- The stock price of Warner Bros. Discovery (WBD) fell over 16% during intraday trading today. This is why.
The stock price of Warner Bros. Discovery (WBD) fell over 16% during intraday trading today. Investors are responding to the company’s second-quarter results.
Warner Bros. Discovery had reported a Q2 EPS of ($1.50), which was $1.62 lower than analyst estimates of $0.12. And the revenue for the quarter was $9.83 billion compared to the consensus estimate of $11.87 billion. The company reported a $3.32 billion loss for the second quarter, which was largely associated with obstacles linked to the recent merger. This was Warner Bros. Discovery’s first quarterly report since the $43 billion merger.
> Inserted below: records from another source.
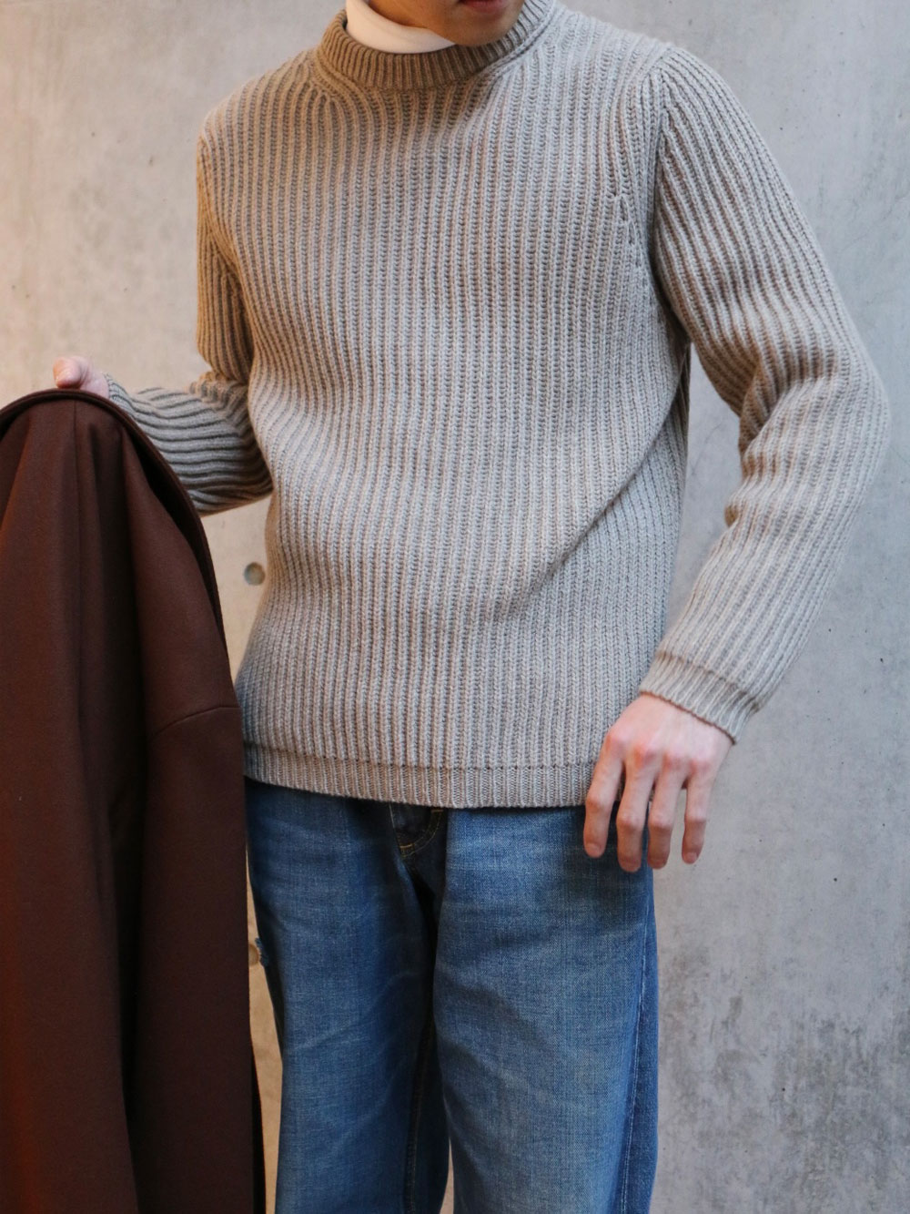 garoh(ガロウ)garoh knit02 ローゲージカシミア フィッシャーマン リブ クルーネックニット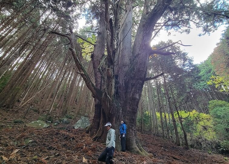 更に下ると「河内の大杉」があります。すごい大木、すごい迫力です。森の中に忽然と現れます。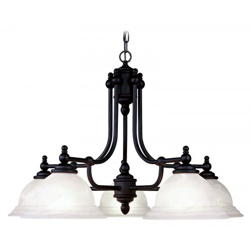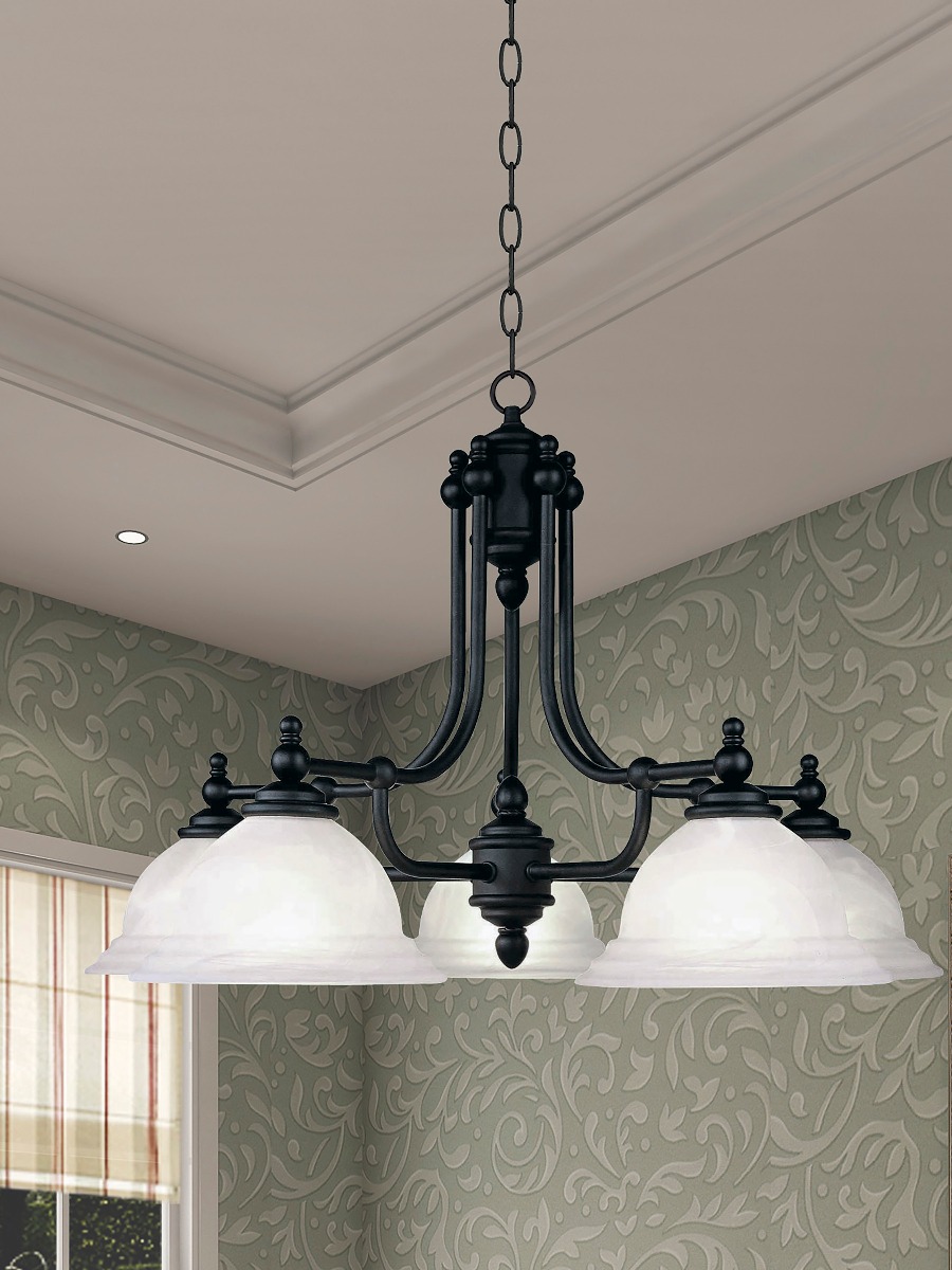 This chandelier adds a clean, transitional, luminance to your decor. The black finish contrasts with white alabaster glass resulting in a distinctive lighting accent.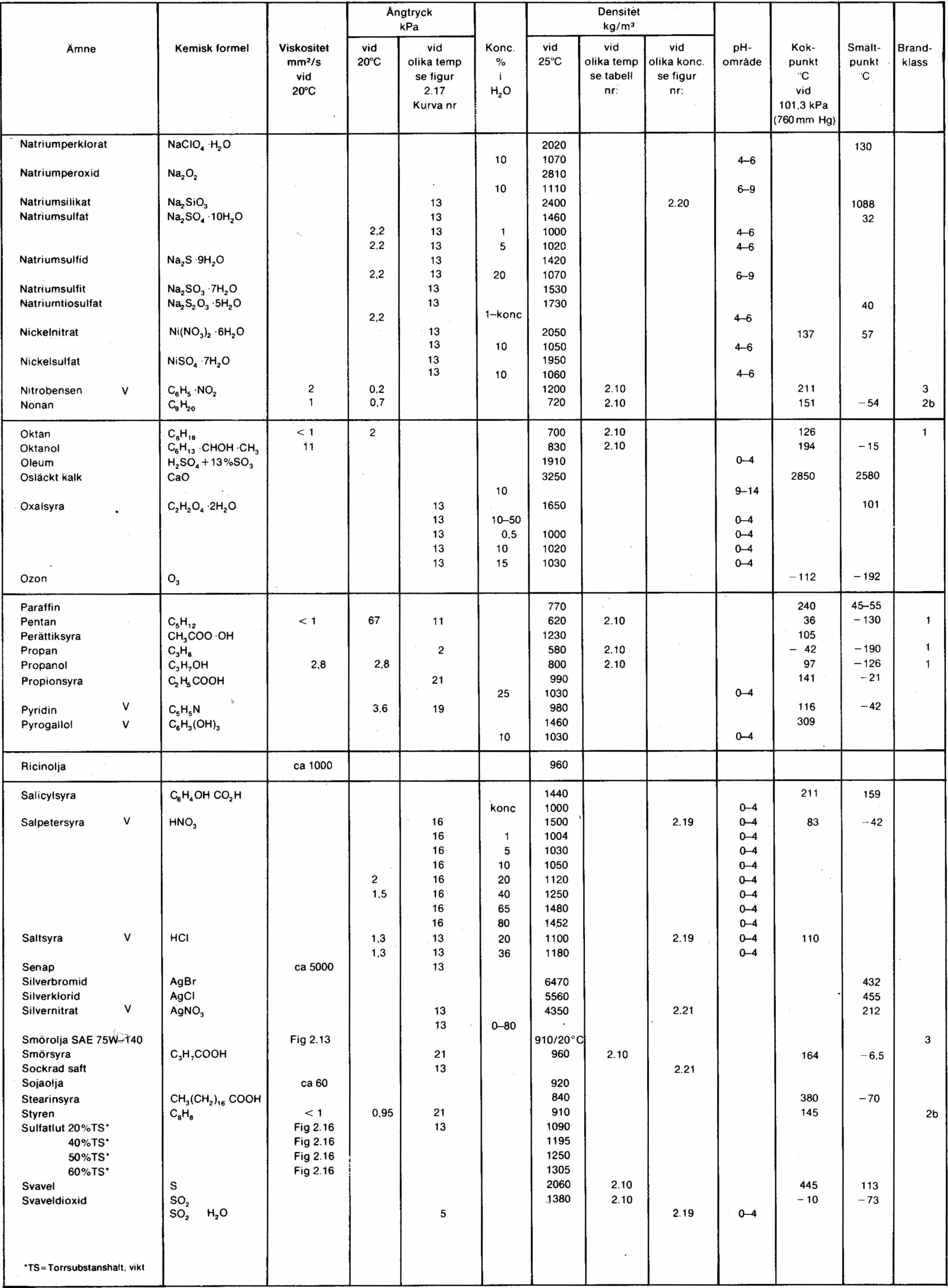 Förklaringar till vätsketabeller återfinns i kapitel 10.8 Vätskeegenskaper, kommentarer till tabellverk.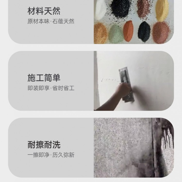 有人担心玛拉彩石用于外墙会起皮,实际上,蓝翠鸟玛拉彩石附着力强,能牢牢附着在墙面上,不易脱落、起皮。它还拥有出色的耐候性,可轻松应对风吹、日晒、雨淋,即便历经多年,墙面依旧能保持完好。其特殊配方让防水、防潮性能优异,在南方潮湿地区或常年受雨水冲刷的外墙,也不会出现起皮现象。
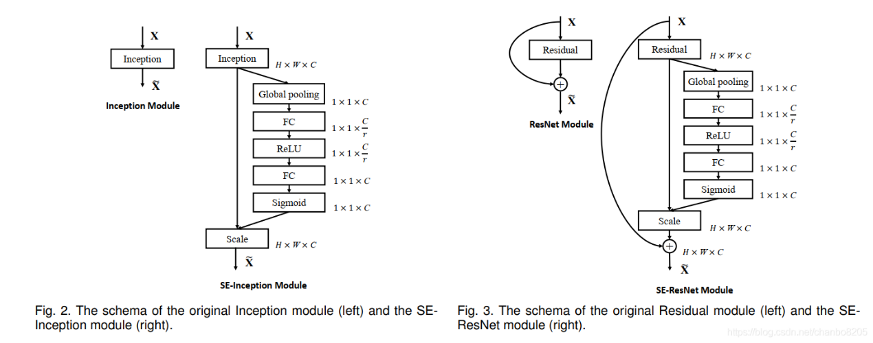 第一步每个通道H*W个数全局平均池化得到一个标量,称之为Squeeze,然后两个FC得到01之间的一个权重值,对原始的每个HxW的每个元素乘以对应通道的权重,得到新的feature map,称之为Excitation。任意的原始网络结构,都可以通过这个Squeeze-Excitation的方式进行feature recalibration,如下图。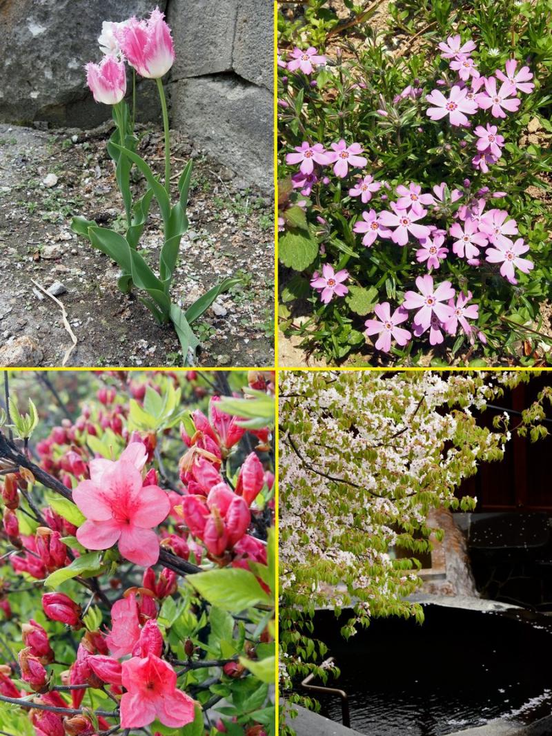 桜の花が終わりを迎え、チューリップやツツジなどの花々が中庭を彩り始めました。

Warner Bros. Discovery ended the second quarter with 92.1 million subscribers across streaming platforms, which was up about 1.7 million from the first quarter. And the company expects to see about 130 million global streaming subscribers by 2025. The company is currently considering a free and ad-supported streaming plan.
HBO Max is going to be combined with Discovery+ into one platform, which will launch next summer. In the meantime, the two platforms will share content including content from Chip and Joanna Gaines’ Magnolia Network. CNN will also have a hub on Discovery+, which will include original programs like “Stanley Tucci: Searching for Italy” and “Anthony Bourdain: Parts Unknown.”